Con la decisione resa al caso di Rashkin contro Russia, la Corte EDU si è pronunciata sul ricorso presentato da un ex parlamentare, membro del Partito comunista di opposizione, il quale, in occasione di una riunione tenutasi per celebrare il 92° anniversario della Rivoluzione bolscevica, aveva accusato il governo di “crimini contro la nazione russa”. In seguito a ciò, il Sig. Rashkin veniva denunciato dal Sig. Volodin, membro della Duma di stato, con l’accusa di diffamazione e, per l’effetto, condannato dal Tribunale distrettuale di Leninskiy al pagamento di una somma a titolo di risarcimento del danno; la decisione veniva confermata anche in appello.

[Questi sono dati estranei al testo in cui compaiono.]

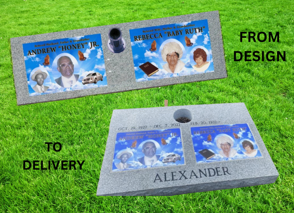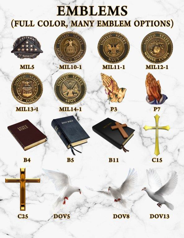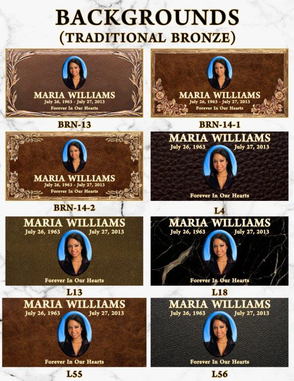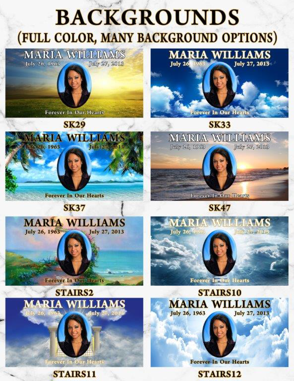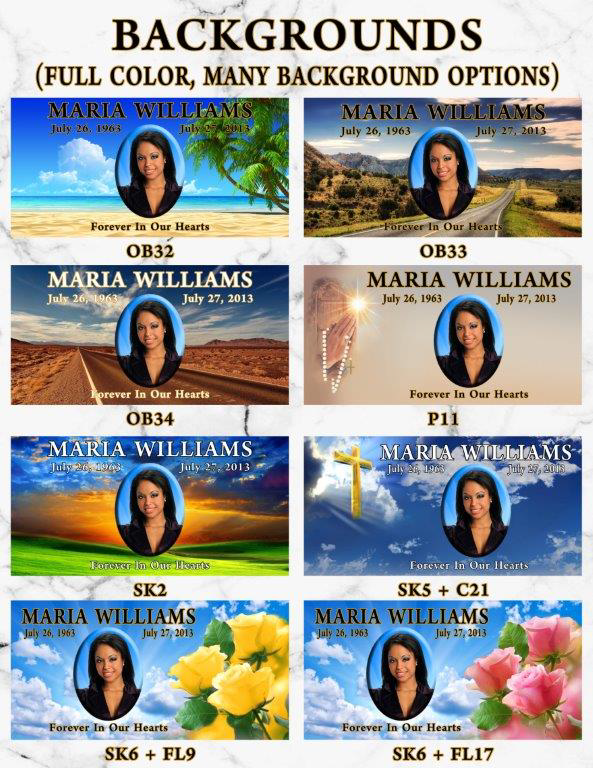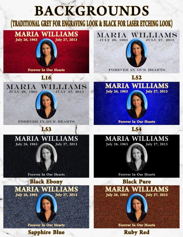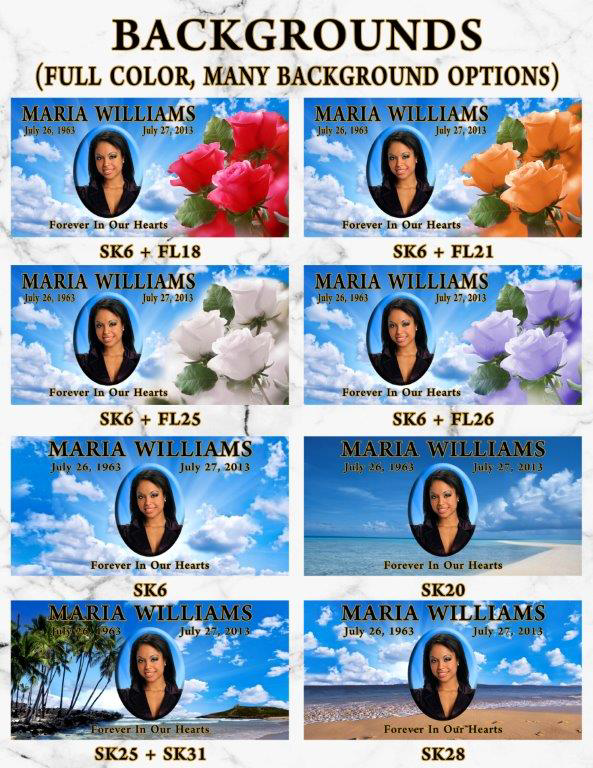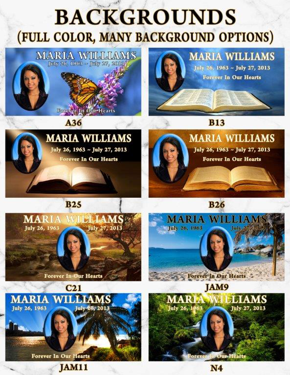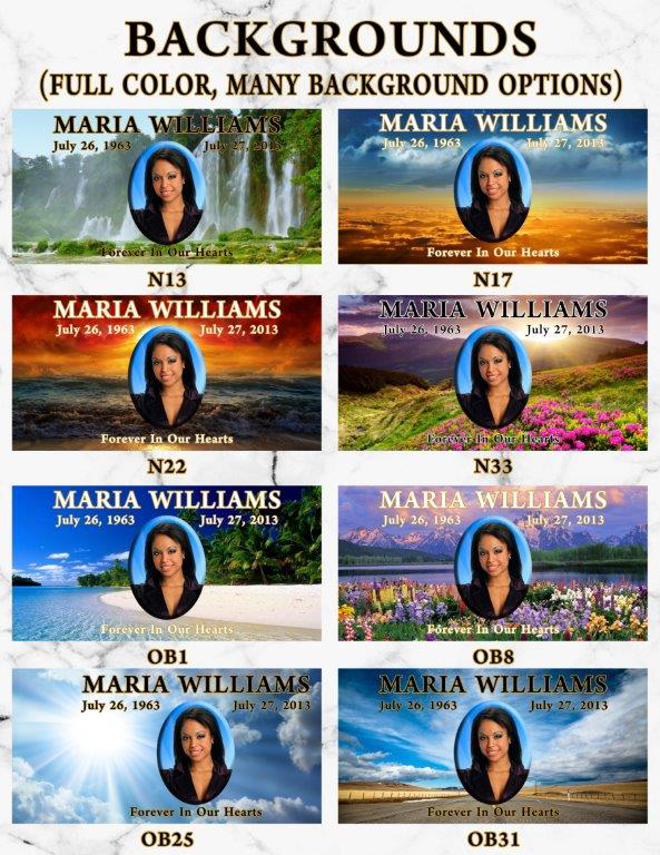 Our Vibrant Memorial products allow for greater personalization. There are no limits placed on text styles or sizes, unlimited background ideas, and no additional fee for emblems or wording!
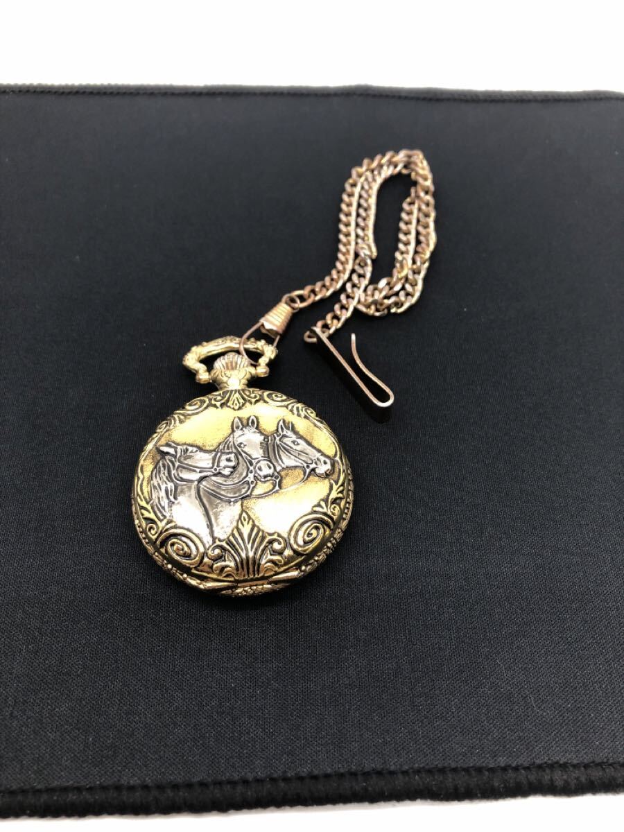 - 【美品】Giuliano 馬柄 懐中時計 ゴールド クオーツ チェーン付き
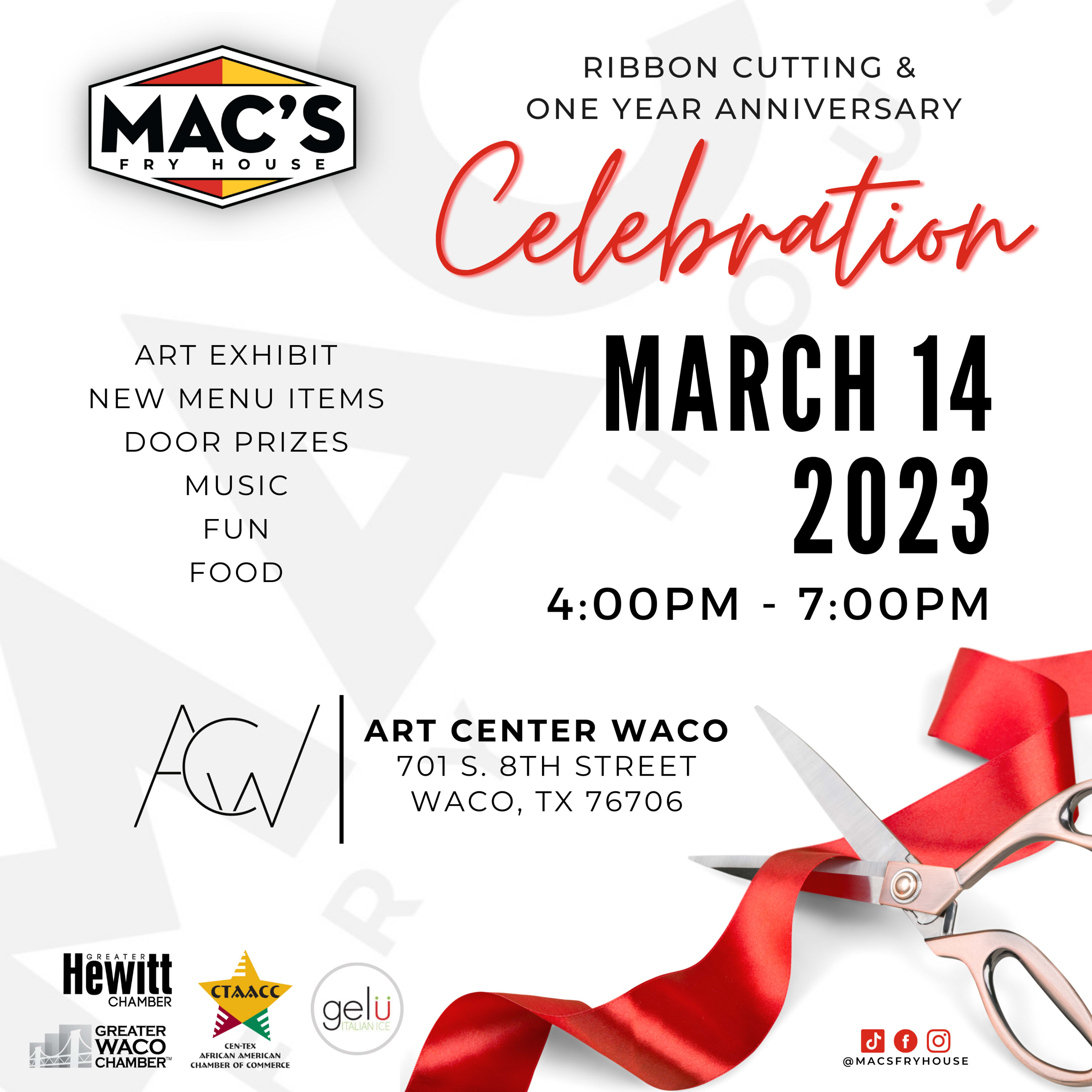 Please join us on Tuesday, March 14th at 4:00pm for a ribbon cutting to celebrate and welcome Mac's Fry House to our Greater Waco Chamber of Commerce!!! This ribbon cutting will be hosted at the beautiful Art Center Waco in downtown Waco and Chamber members are invited to attend and show their support. We hope to see you there!
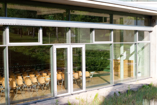 The new building, previously the site of a roller rink, includes an atrium featuring living fig trees and a wooden wall made from the roller rink's wood flooring, natural daylighting, a heat recovery system to aid in energy efficiency, and reclaimed materials.
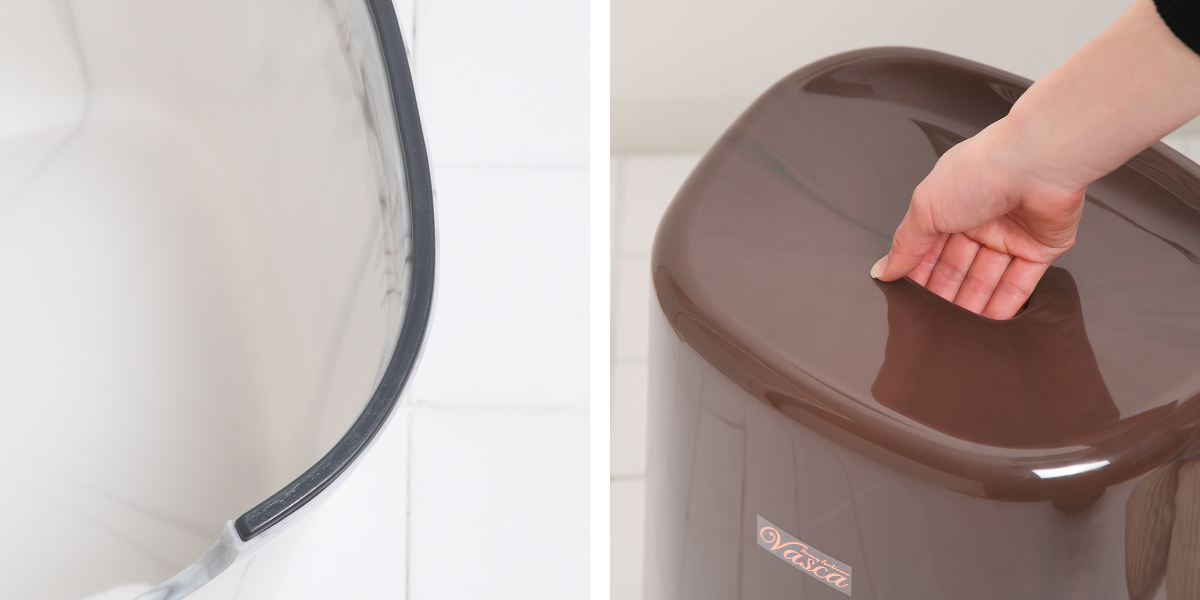 | 滑り止め付き 脚部分には滑り止めが付いているので、安心してお使いいただけます。床面の傷つき防止にもなります。 | 持ち運びしやすい 座面の穴に手を入れて持ち運びでき、掃除のときの移動も簡単です。 |
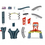 Met deze trein- en railsset met een duwtrein van Fisher-Price kunnen kinderen de spectaculaire race om de Sodor Cup uit de serie Thomas en Vrienden naspelen! Kinderen kunnen de gegoten locomotieven Thomas en Kana bij de startpoort zetten en aan de hendel trekken, zodat beide vrienden door de haarspeldbocht naar de finishlijn schieten. Deze railset zit vol spannende bochten, waardoor deze vriendschappelijke competitie nog leuker wordt. Wie komt als eerste over de finish en neemt de trofee mee naar huis?
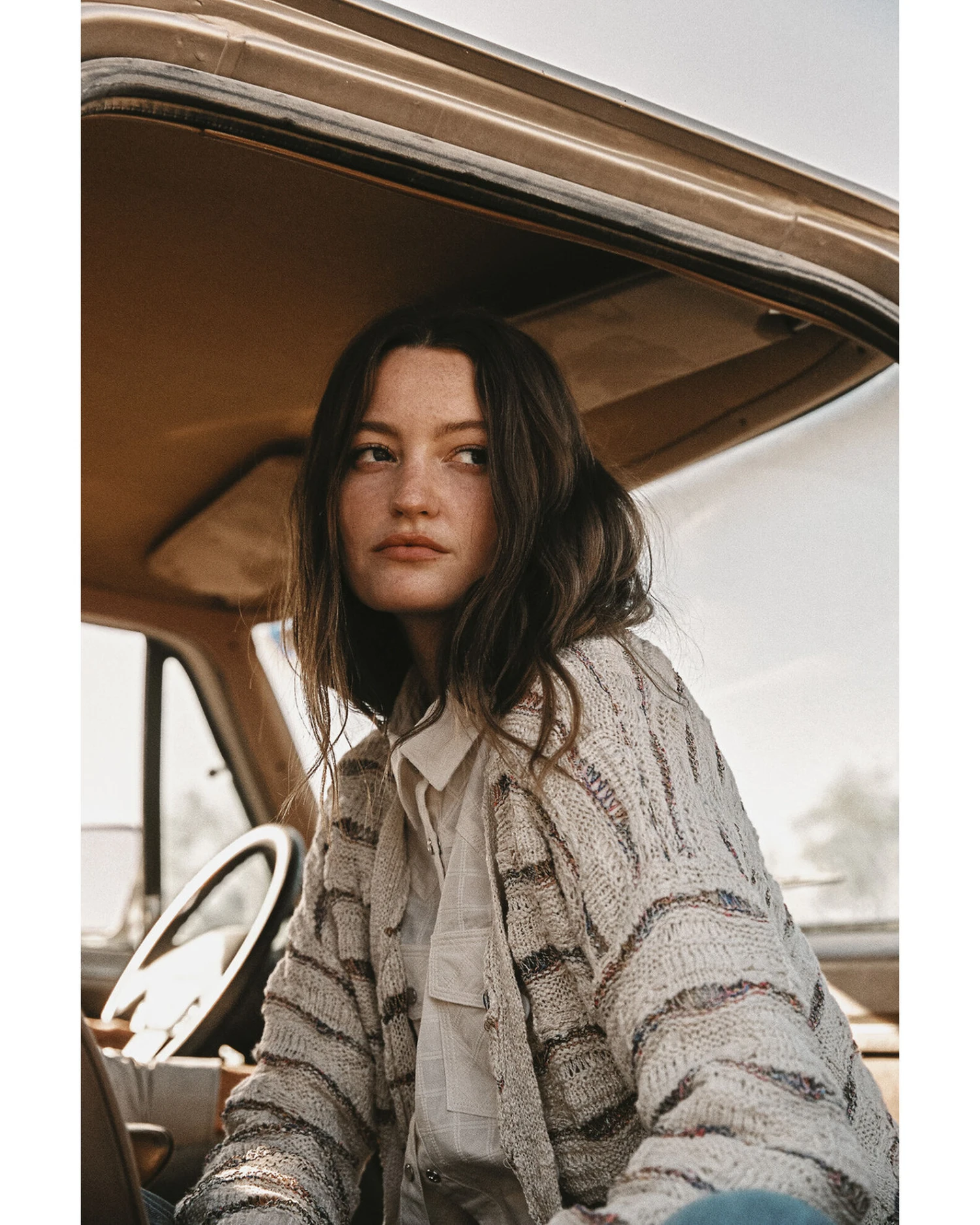 - Cream and multicolored striped design
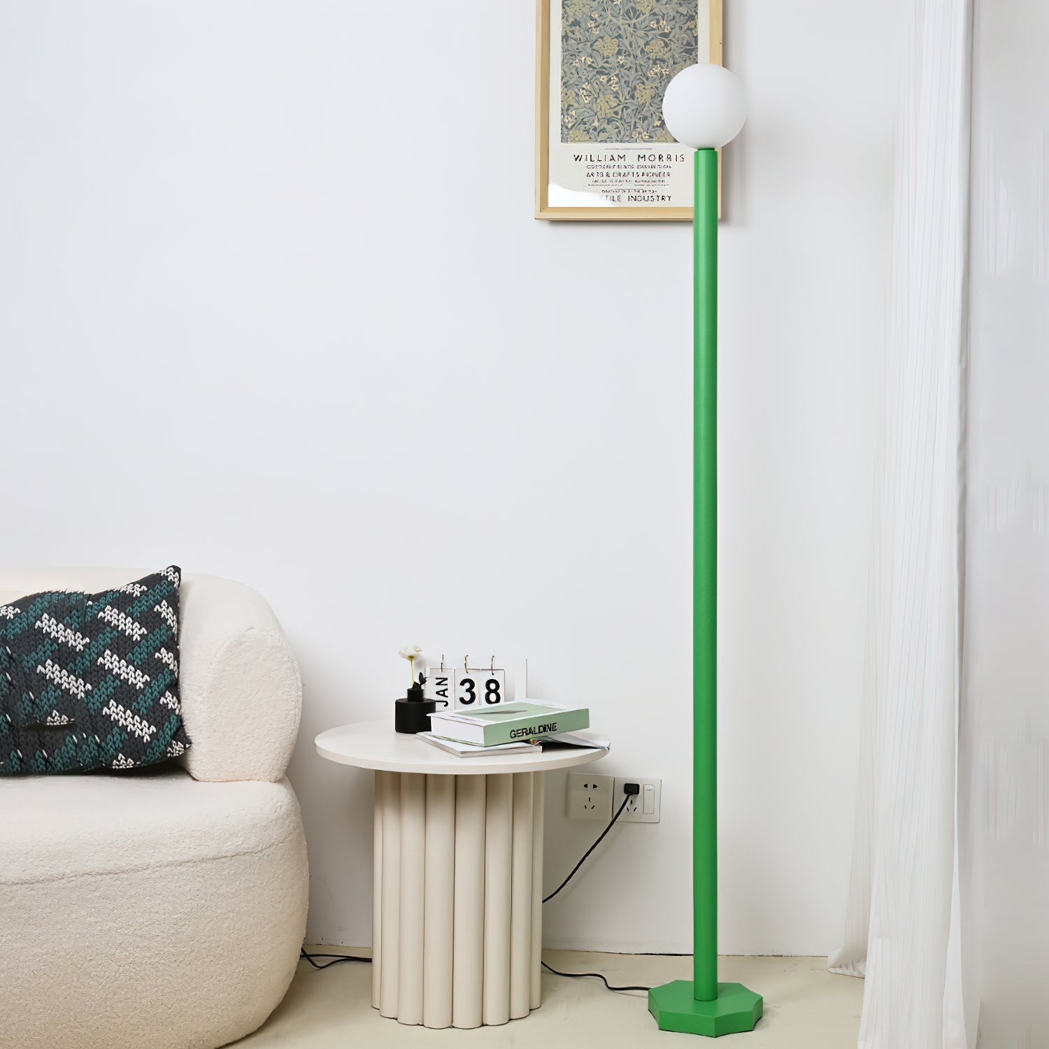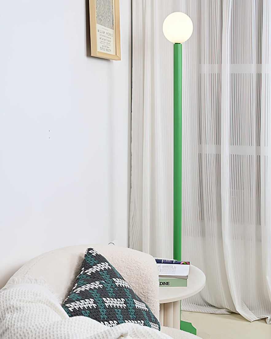 Minimalist yet vibrant, the Dotline Floor Lamp blends graphic simplicity with bold, modern color. Its slender cylindrical body rises from an octagonal base, crowned by a softly glowing glass globe. Available in a palette of playful shades—from pastel pink to deep green—Dotline stands tall as both a lighting solution and a sculptural accent, perfect for contemporary interiors seeking a touch of geometric charm.

Tuttavia, il ricorrente lamentava che nel caso di specie si fosse concretizzata una violazione del suo diritto alla libertà di espressione di cui all’art. 10 della Convenzione e ciò su un duplice presupposto: da un lato, i tribunali non avrebbero tenuto in debito conto che lo stesso, in qualità di membro di un partito dell’opposizione, avrebbe goduto di una tutela rafforzata nell’esercizio della libertà di espressione; dall’altro, le dichiarazioni impugnate non erano state fondate su informazioni verificate o verificabili e, peraltro, apparivano inidonee ad arrecare un pregiudizio grave e concreto al Sig. Volodin.
La Corte EDU coglie quindi l’occasione per ribadire che, nel riesaminare a norma dell’articolo 10 della Convenzione le decisioni dei tribunali nazionali, occorre accertare che le autorità nazionali abbiano applicato norme conformi ai principi incorporati nella norma testé richiamata e che si siano basate su una valutazione accettabile dei fatti pertinenti. A tal fine, devono essere presi in considerazione i seguenti elementi: la posizione del richiedente e della persona contro la quale sono state dirette le critiche, il contesto e l’oggetto della dichiarazione contestata, la sua caratterizzazione da parte dei tribunali nazionali e la sanzione imposta.
Facendo applicazione di tali parametri, i giudici di Strasburgo hanno ritenuto che i tribunali non avessero deciso in senso conforme ai principi sanciti dall’articolo 10 della Convenzione. Innanzitutto, per quanto riguarda la posizione del richiedente, la Corte ha affermato che la garanzia della libertà di espressione assume una peculiare importanza soprattutto per i rappresentanti eletti dal popolo; di conseguenza, l’interferenza con la libertà di espressione di un membro dell’opposizione parlamentare, come il richiedente, avrebbe necessitato di un controllo più attento. Diversamente, i giudici di Strasburgo puntualizzano che il Sig. Volodin era stato anch’esso un membro del parlamento, ma eletto dal partito di governo e, anche in ragione della sua carriera politica, avrebbe dovuto dimostrare un maggior grado di tolleranza e accettare limiti più ampi di critica. A ciò si aggiunga che le affermazioni del ricorrente avrebbero costituito una dichiarazione di responsabilità politica collettiva piuttosto che un’accusa, rivolta al suo avversario, di specifici reati; inoltre, come forma di espressione politica, l’esternazione del ricorrente avrebbe dovuto godere di un livello più elevato di protezione ai sensi dell’articolo 10 della Convenzione, poiché devono sussistere ragioni molto forti per giustificare restrizioni ad un discorso politico, pur se controverso o virulento. Infine, la Corte ha ritenuto che la sanzione inflitta al ricorrente fosse irragionevolmente eccessiva, in alcun modo proporzionale al pregiudizio arrecato dalle sue dichiarazioni. Per questi motivi, i giudici hanno constatato la violazione della libertà di espressione e, per conseguenza, condannato lo Stato convenuto al pagamento di una somma a titolo di risarcimento del danno in favore del richiedente. Infine, con opinione dissenziente, tre giudici hanno espresso la loro contrarietà alla decisione assunta dalla maggioranza, contestando l’esito dell’operazione di bilanciamento che, nel caso di cui si tratta, la Corte ha compiuto nel conflitto tra il diritto alla libertà di espressione di cui all’articolo 10 e il diritto alla protezione della vita privata di cui all’art. 8 della Convenzione.